By: Michael B. Keegan, President, People For the American Way; The Blog, The Huffington Post, December 19, 2014
“Cheney And Deep Doo Doo”: It Was Dick Cheney That Let North Korea Get Nuclear Weapons In The First Place
Guess who’s offering congressional Republicans guidance on foreign policy?
Former Vice President Dick Cheney discussed tensions on the Korean peninsula with Republican leaders in Congress in a closed-door meeting Tuesday, warning them that the United States was in danger.
“We’re in deep doo doo,” Cheney told lawmakers, according to CNN, which first reported the talk.
Rep. Steve Southerland (Fla.) who attended the 10-minute meeting with GOP leaders said Cheney called North Korean leader Kim Jong Un unpredictable and, citing his own experience dealing with former Iraqi dictator Saddam Hussein, said “you never know what they’re thinking.”
How reassuring. Cheney thinks he’s qualified to speak about U.S. policy towards North Korea because of his “experience” with Saddam Hussein — as if Cheney’s role in shaping U.S. policy in Iraq has value and applicability now.
Incidentally, why, pray tell, was Cheney helping lead a closed-door with congressional Republicans? Because Majority Whip Kevin McCarthy (R-Calif.), the #3 person in the House GOP leadership, invited the former vice president to speak.
I mention this because it’s not as if Cheney cornered these guys and Republican lawmakers were forced into listening to the failed former V.P. They wanted to hear from him and thought they’d benefit from his guidance.
Indeed, they seemed delighted to have been offered words of wisdom from Cheney. That his entire foreign policy worldview has been thoroughly discredited, his credibility on foreign policy and national security has been exposed as a pathetic joke, and the damage he’s done to the United States will take generations to heal, apparently didn’t dissuade House Republicans from taking the guy seriously.

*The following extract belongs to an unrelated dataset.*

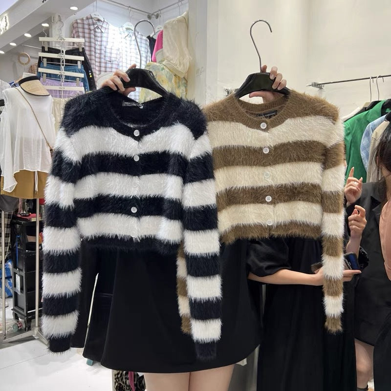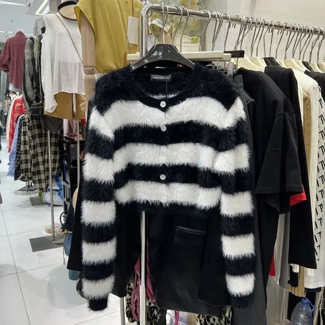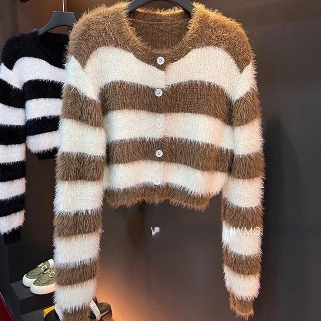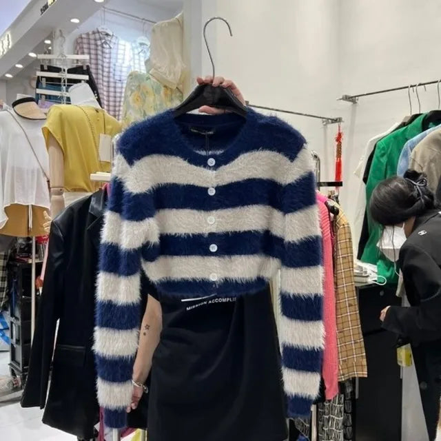 Aggiungi un tocco di stile coreano al tuo guardaroba con il nostro cardigan a righe da donna. Questo modello corto e morbido, con il suo scollo rotondo, è perfetto per un look casual e vintage. 🌟

But before we move on, let’s pause briefly to reflect on how it is we ended up in “deep doo doo.” After all, it was Dick Cheney that let North Korea get nuclear weapons in the first place.
As we discussed last week, the Clinton administration negotiated an Agreed Framework with North Korea in 1994, which was successful in “bottling up North Korea’s nuclear program for eight years,” and which eased the crisis on the peninsula. In March 2001, Colin Powell said Bush/Cheney would pick up where Clinton/Gore had left off.
The Bush/Cheney White House then immediately rebuked Powell, forced him to walk back his position, and rejected the Agreed Framework. Kim Jong-il hoped for a new round of negotiations, but the Republican administration refused. As Cheney himself put it, “We don’t negotiate with evil — we defeat it.” The Republican president instead added North Korea to an “axis of evil.”
By 2002, North Korea unlocked its fuel rods, kicked out international weapons inspectors, and became more aggressive in pursuing a nuclear weapons program. In response, “Bush didn’t take military action, he didn’t call for sanctions, nor did he try diplomacy” — instead focusing his energies on selling the United States on the need for a disastrous war in Iraq.
Indeed, Bush and Cheney argued at the time that the U.S. had to hurry up and invade Iraq before it could acquire nuclear weapons, effectively telling North Korea that the way to avoid an invasion was to advance its nuclear program as quickly as possible — which it did.
As a result, North Korea became a nuclear state on Bush/Cheney’s watch, and paid no price for its actions. The world is left with an isolated dictatorship, craving attention, and playing with the most dangerous weapons the world has ever known.
Thanks, Dick, for the fascinating insights on “doo doo.”